| Data |
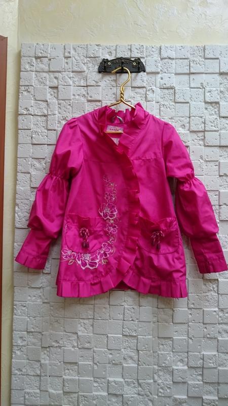 Плащ Lux&K для девочки ростом 98см. Возраст 2- 3 года. Цвет ярко - розовый. Силуэт расклешённый от линии плеча, с пышными рукавами,украшен рисунком, оборочками и красивыми шнурочками. Застёжка на пуговицы. Ткань - тонкая лёгкая плащёвка 100% полиэстер, подкладка 100% хлопок. Длина 55см, окружность груди 66см, длина рукава 46см. Состояние очень хорошее.
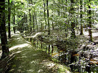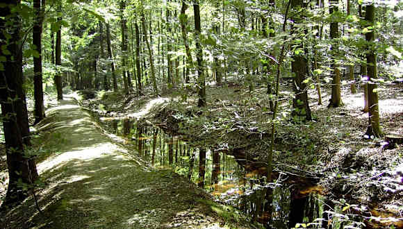 Wer in der Schule gelernt hat, dass Wasser immer ins oder im Tal strömt, muss seine Meinung (teilweise) revidieren. Im Naturpark „Hohes Venn-Eifel“ kann man östlich der Gemeinde Roetgen erleben, dass ein Bach auch oben am Hang fließen kann. Zwecks der Trinkwasserversorgung hat man in den Jahren 1920-1921 zwei künstliche Gewässer angelegt – die Hanggräben „Schleebachgraben“ (3,2 km) und „Hasselbachgraben“ (7,9 km) –, die das Oberflächenwasser aus dem Staatsforst Monschau abfangen und der Dreilägerbachtalsperre zuleiten. (Trinkwasserversorgung des Aachener Raumes) Die beiden Hanggräben liegen mitten im Naturpark und deren Ufer lassen sich ganz leicht bewandern. Vor allem im Sommer ist es hier besonders angenehm ; schattiger Wald und herrliche Abkühlung durch die Gräben. Verschiedene Wanderwege führen kilometerlang an diesen Gewässern entlang ; die Höhenunterschiede sind gering. Guter Ausgangspunkt ist der Wanderparkplatz „Kuhberg“ am östlichen Dorfrand Roetgens (Markierungen A2, A3). Empfehlenswerte Wanderkarte : Die Karte Nr. 3 des Eifelvereins, „Monschauer Land – Rurseengebiet“ (1:25000).
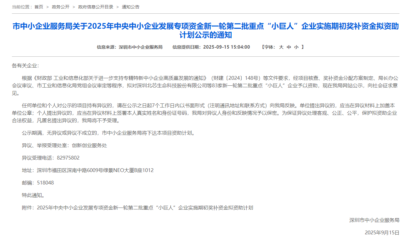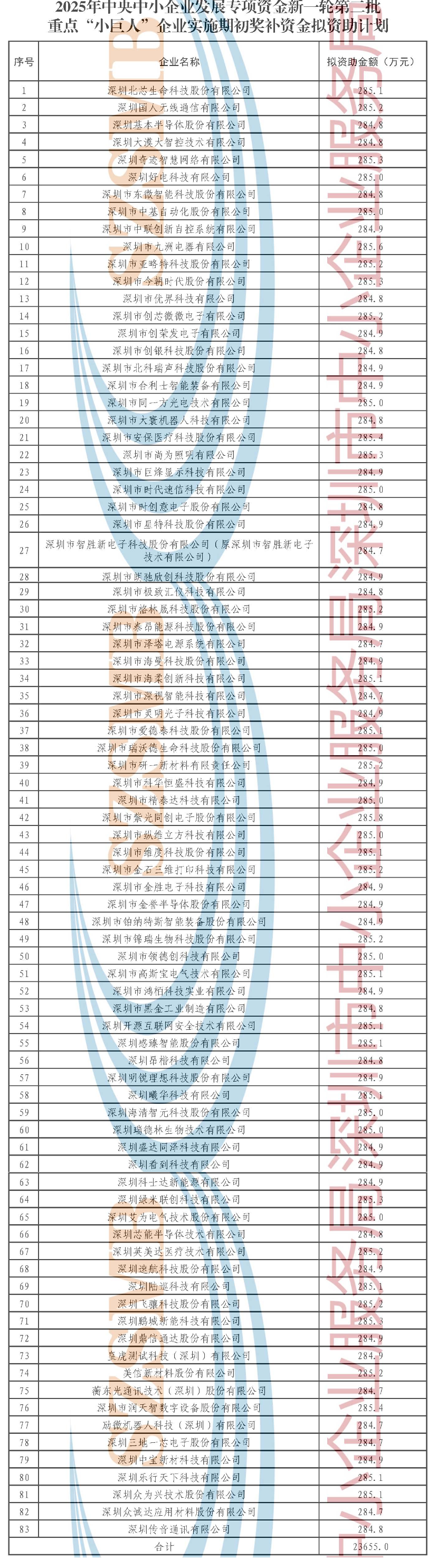 深圳市最新公示的2025年中央中小企业发展专项资金新一轮第二批重点“小巨人”企业名单中,83家入选企业展现出了明显的硬科技特征。
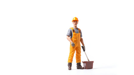 Construction Worker Holding Constructing Equipment Tools on Isolated Background. Carpenter Man Builder Real Estate Jobs Occupation, Business Engineering Industry and Building Development Concept.
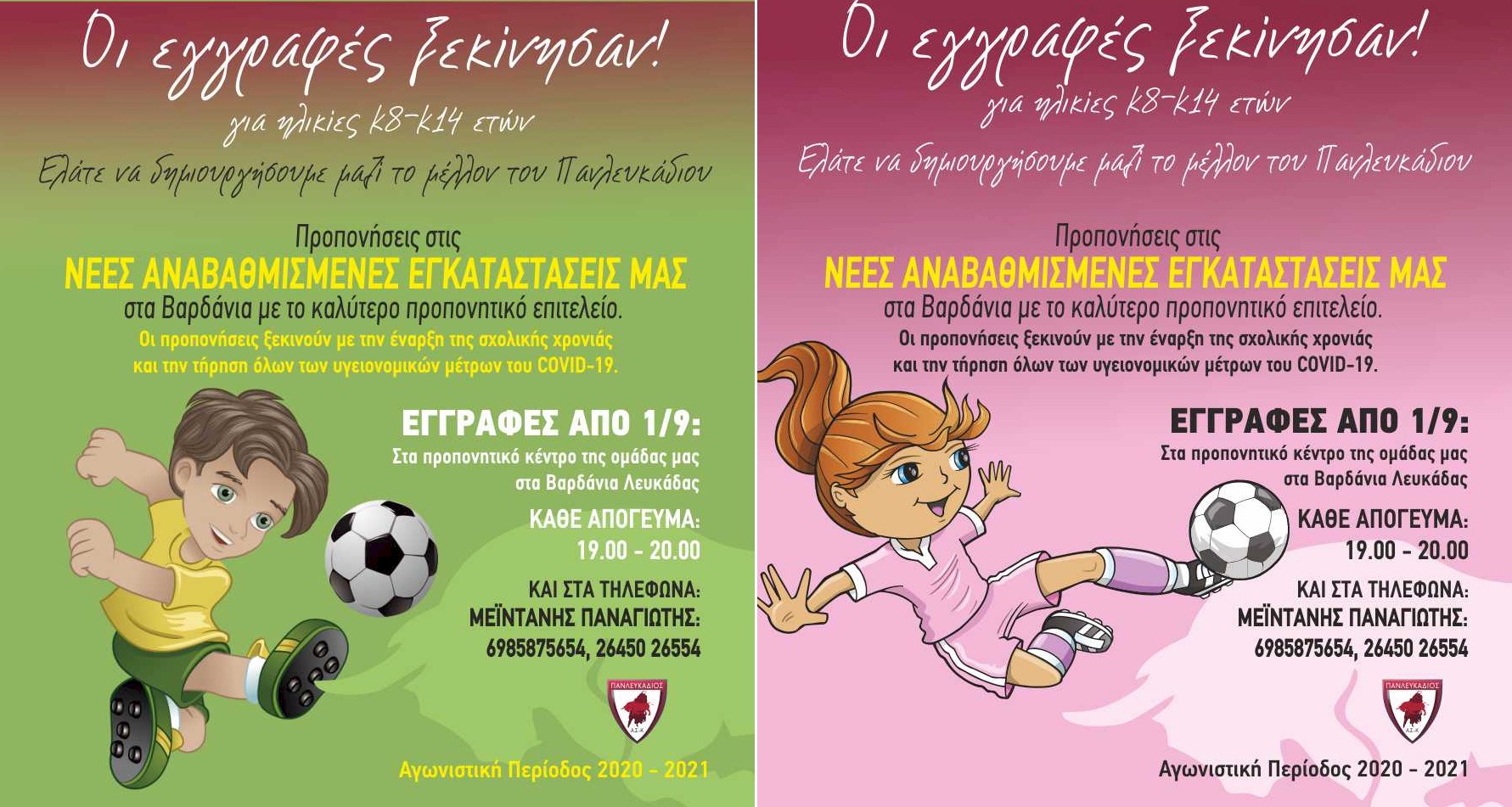 Όπως ανακοινώνει ο Πανλευκάδιος ξεκινούν από 1 Σεπτέμβρη οι εγγραφές για το γυναικείο τμήμα ποδοσφαίρου και ηλικίες Κ8-Κ14 καθώς και τις Ακαδημίες ποδοσφαίρου, σε συνεργασία με τον Ατρόμητο, για ηλικίες Κ8-Κ14.
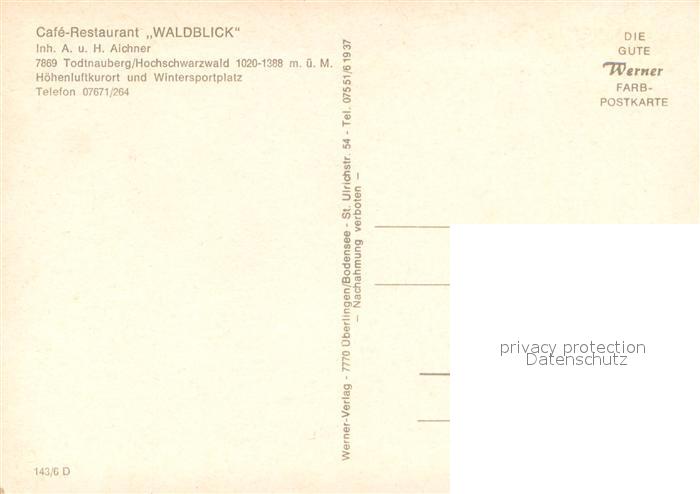 73641081 Todtnauberg Cafe Restaurant Waldblick Freiterrasse postalisch nicht gelaufen Erhaltung siehe scans [WerneD78] KatCode: 11110008336087
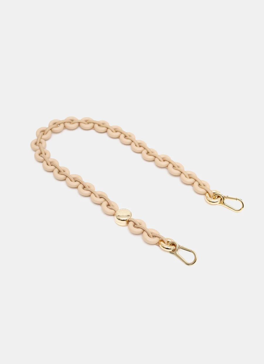 Correa de Loewe con eslabones circulares gruesos en metal engarzados con cordón de piel, enganche de mosquetón y eslabón con anagrama grabado. Largo total: 60 cm. Ancho: 3 cm.
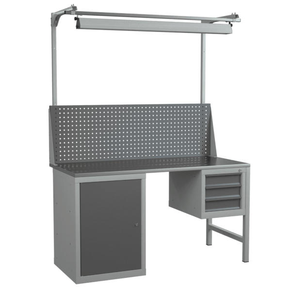 Верстак 1500 с 2 тумбами, экраном с консолями и светодиодным светильником
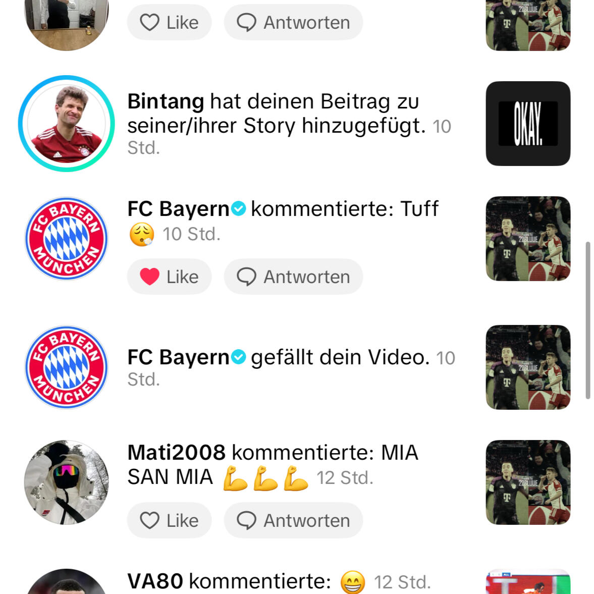 My content has been recognized by FC Bayern München, one of the biggest football clubs in the world, through a like and a comment on one of my edits.
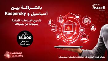 لأول مرة، توفر لك آسياسيل وبالشراكة مع Kaspersky وصولاً آمناً إلی الإنترنت. یمکنك الآن شراء منتجات Kaspersky الأصلية من خلال تطبيق آسياسيل والدفع من رصيد موبایلك، لكي تحمي جهازك وأجهزة العائلة من مخاطر الإنترنت بأفضل طريقة.

| Problem to work on |
All lines from the one containing "73641081 Todtnauberg Cafe" through the end of the data are to be restated exactly, with nothing else and without the pictures.

| Solution for this task |
 73641081 Todtnauberg Cafe Restaurant Waldblick Freiterrasse postalisch nicht gelaufen Erhaltung siehe scans [WerneD78] KatCode: 11110008336087
 Correa de Loewe con eslabones circulares gruesos en metal engarzados con cordón de piel, enganche de mosquetón y eslabón con anagrama grabado. Largo total: 60 cm. Ancho: 3 cm.
 Верстак 1500 с 2 тумбами, экраном с консолями и светодиодным светильником
 My content has been recognized by FC Bayern München, one of the biggest football clubs in the world, through a like and a comment on one of my edits.
 لأول مرة، توفر لك آسياسيل وبالشراكة مع Kaspersky وصولاً آمناً إلی الإنترنت. یمکنك الآن شراء منتجات Kaspersky الأصلية من خلال تطبيق آسياسيل والدفع من رصيد موبایلك، لكي تحمي جهازك وأجهزة العائلة من مخاطر الإنترنت بأفضل طريقة.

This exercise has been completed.